Knowledge regarding what outcomes PwPD prioritize is limited. Nisenzon et al. [9] investigated treatment success and expectations from a PwPD perspective by using a questionnaire tapping 10 investigator predefined disease areas. They found that PwPD rated walking, slowness, fatigue, sleep and activities of daily living as the most important areas to see improvements in [9]. This is largely in accordance with results from another study that identified fatigue, sleep, pain, depression and mobility as significant predictors of illness-related distress in PD [10]. In a recent mixed-methods study, we used a participant-driven approach (concept mapping) to identify and conceptually map out prioritized areas for outcome measurement in clinical PD trials from the perspectives of two main end-user stake holders, PwPD and health care professionals (HCPs) [11]. Among identified prioritized areas for outcome measurement, quality of life, walking, sleep and psychological wellbeing were regarded the most important ones. However, that study did not differentiate the perspectives of PwPD and HCPs. Hence, the degree of concurrence in their respective conceptualizations and prioritizations remains unclear. In this study, we therefore reanalyzed the data from Sjodahl Hammarlund et al. [11] in order to contrast the perspectives of PwPD to that of HCPs regarding prioritized areas for outcome measurement in clinical PD trials.

Methods

Concept mapping

Concept mapping is a mixed-method combining qualitative and quantitative methodologies in order to explore phenomena, reveal their structures and discover new meaning [12, 13].

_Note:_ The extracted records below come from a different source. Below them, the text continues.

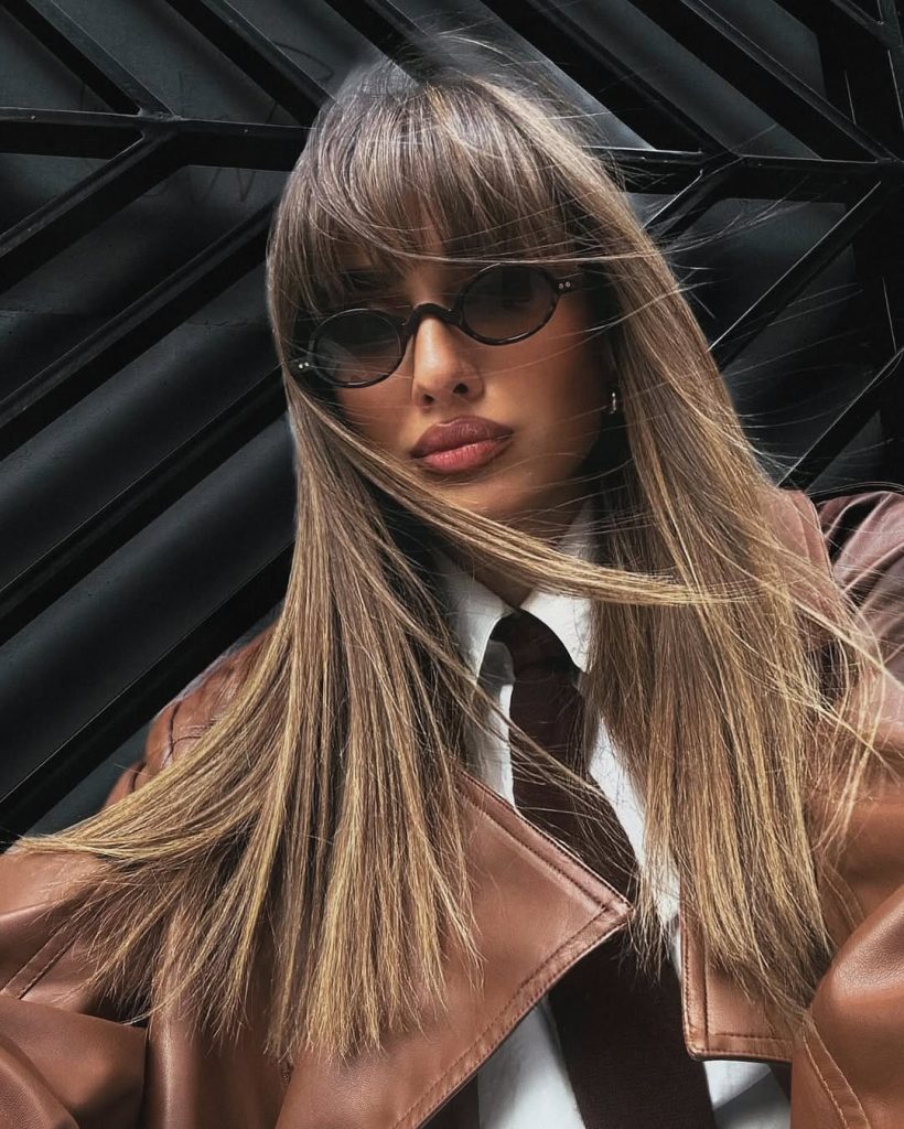 A visually controversial and geometrical medium-length cut full of bangs has its own uniquely compelling power. The straight pieces act as a back of the bob haircut with layers circle face expression effect, thus giving it the double-vision, dynamics, you-visualized-it feeling. The svelte brown color with a hint of neutrality evokes a sense of warmth and richness, which makes it wearable for both 50 gray hair transitions and anyone who is into the modern audacious look. This look is strikingly combined with colorful statement jewels, a leather jacket, and black sunglasses- totally radiating self-assurance and elegance.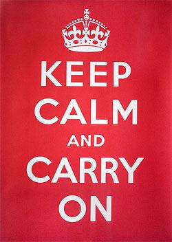 Η φράση αυτή, που έχεις οπωσδήποτε δει σε αφίσες και φλιτζάνια και avatars στα Ίντερνετς, ήταν γραμμένη σε μια αφίσα του 1939 και απευθυνόταν στον Αγγλικό λαό (μαζί με άλλες αντίστοιχες, όπως “Freedom is in peril -defend it with all your might”) για να του χαλυβδώσουν το φρόνημα, ή κάτι τέτοιο. Λεπτομέρεια: Οι συγκεκριμένες αφίσες δεν χρησιμοποιήθηκαν ποτέ, η συντριπτική τους πλειοψηφία πολτοποιήθηκε, και έπρεπε να περάσουν περισσότερα από 60 χρόνια για να βρει κάποιος μια από τις εναπομείνασες και να την κρεμάσει σε ένα βιβλιοπωλείο του Λονδίνου.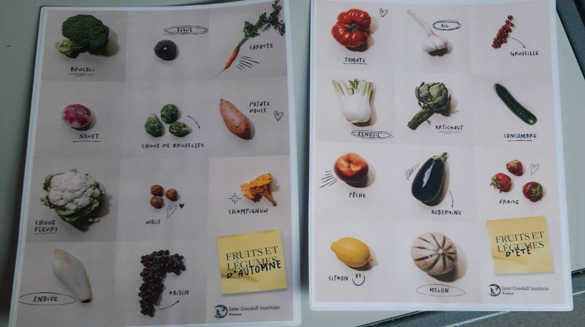 Durant la 2e partie de l’heure, les élèves devaient accrocher les affiches de fruits et légumes de saison (été et automne pour le moment) fournies par le Jane Goodall Institute.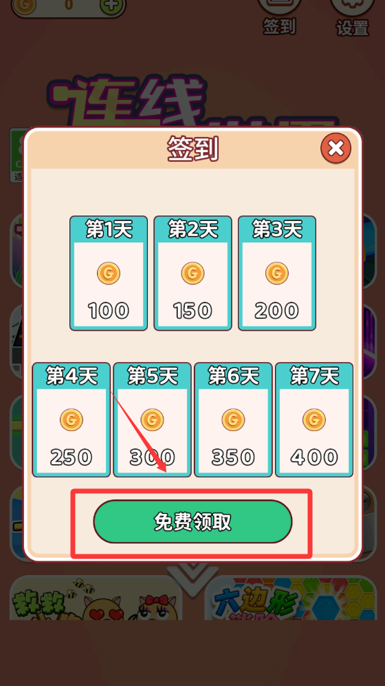 1、点击红色框框的签到免费领取奖励。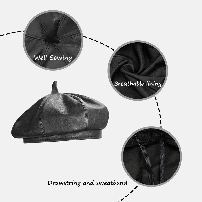 - New Coming - This beret hat is made of PU leather. This material is lightweight, could keep it’s shape well.

Concept mapping is conducted in multiple steps: statement/item generation through brainstorming, sorting and rating, data analysis and interpretation. First, a focus prompt is developed to guide the generation of data (statements/items). Statements are then sorted according to their perceived conceptual similarities and each statement is rated, typically regarding its importance in relation to the focus prompt. The sorted data are analyzed by multidimensional scaling (MDS) to depict relationships among statements/items in a 2D map. Cluster analysis is then used to identify relevant and interpretable clusters of statements representing specific aspects. Finally, the map is interpreted qualitatively. The general concept mapping procedure is described in detail elsewhere [12, 13].

Participants and procedures

The study was conducted in accordance with the Declaration of Helsinki. All participants gave their written informed consent following oral and written study information. No personal information was recorded that would allow any data to be linked to individual participants.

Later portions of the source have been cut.